First TCC Loss-Trading Case Applying Deans Knight

  • 03 avril 2024
  • Sameer Nurmohamed and Ravish Gupta

On December 27, 2023, the Tax Court of Canada (“TCC”) released its decision for Madison Pacific Properties Inc. v. The King.[1] This is the first loss trading case in the TCC that applied the Supreme Court of Canada’s precedent-setting decision in Deans Knight Income Corp. v. Canada.[2] The TCC found that the use of non-voting shares abused subsection 111(4) of the Income Tax Act (“ITA”) and that the general anti-avoidance rule (“GAAR”) accordingly applied to deny the use of net capital losses.

Facts

The Appellant, Madison Pacific Properties Inc.[3] (“MPP”), was a publicly traded company engaged in the business of mining. As of December 31, 1997, MPP had accumulated $9,688,703 in non-capital losses and $72,718,480 in capital losses. Madison Venture Corporation (“Madison”) and Vanac Development Corp. (“Vanac”), two corporations that were initially at arm’s length with each other and with MPP, each held a portfolio of rental properties.

Through a series of transactions[4] described below, Madison and Vanac accessed MPP’s losses from its mining business to offset income from Madison and Vanac’s real estate businesses:

  1. A syndicate – which included (i) Vanac, (ii) a wholly-owned subsidiary of Madison, and (iii) a corporation that was controlled directly or indirectly by the Chair of the Board of Directors of MPP and also owned 6.02% of the shares in MPP at the time – loaned $2.7 million to MPP.
  2. MPP spun its mining business out to a subsidiary, 3396061 Canada Inc. (“New Mining Co.”).
  3. MPP amended its share capital to create three new classes of shares: Class A Preferred shares, Class B voting shares, and Class C non-voting shares.
  4. MPP’s existing shareholders exchanged their old common shares of MPP for Class A Preferred and Class B voting shares of MPP. The Class A Preferred shares were then further exchanged for common shares of New Mining Co.
  5. New Mining Co. amalgamated with a subsidiary of a different public mining company, Imperial Metals Corporation, to form Amalco. MPP’s shareholders then exchanged their shares in Amalco for shares of Imperial Metals Corporation, allowing them to continue holding an interest in the mining business.
  6. Amalco repaid the syndicate loan from the first step.
  7. Madison and Vanac sold MPP various real estate assets in exchange for MPP assuming various liabilities and a mix of Class B voting and Class C non-voting shares of MPP. The Class B voting shares were priced the same as the Class C non-voting shares.
  8. MPP was granted various options by Vanac to acquire properties from Vanac in the future.
  9. Madison sold additional real estate to MPP in exchange for a mix of Class B voting and Class C non-voting shares. Madison also subscribed for additional Class C non-voting shares. As a result of these two transactions, Madison and Vanac held an equal number of Class B voting shares and Class C non-voting shares in MPP.  

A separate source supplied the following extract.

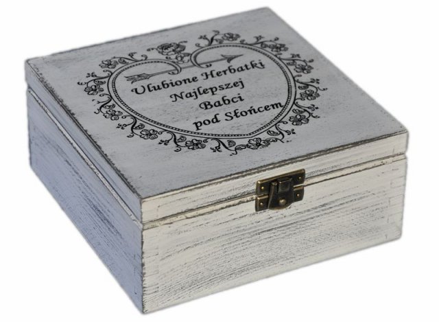 Drewniana herbaciarka - pudełko na herbatę z czterema przegródkami w środku.

As a result of the above series of transactions, Madison and Vanac each held 23.28% of the Class B voting shares and 50% of the Class C non-voting shares of MPP. Together, Madison and Vanac held only 46.56% of the voting shares of MPP despite owning 92.82% of the total equity of MPP.

MPP used non-capital loss carryforwards and net capital loss carryforwards from its mining activities to reduce its income and capital gains from its real estate business for several years. The Minister of National Revenue (“Minister”) denied the use of the net capital loss carryforwards in MPP’s 2009, 2011, and 2013 taxation years (“Disputed Tax Years”).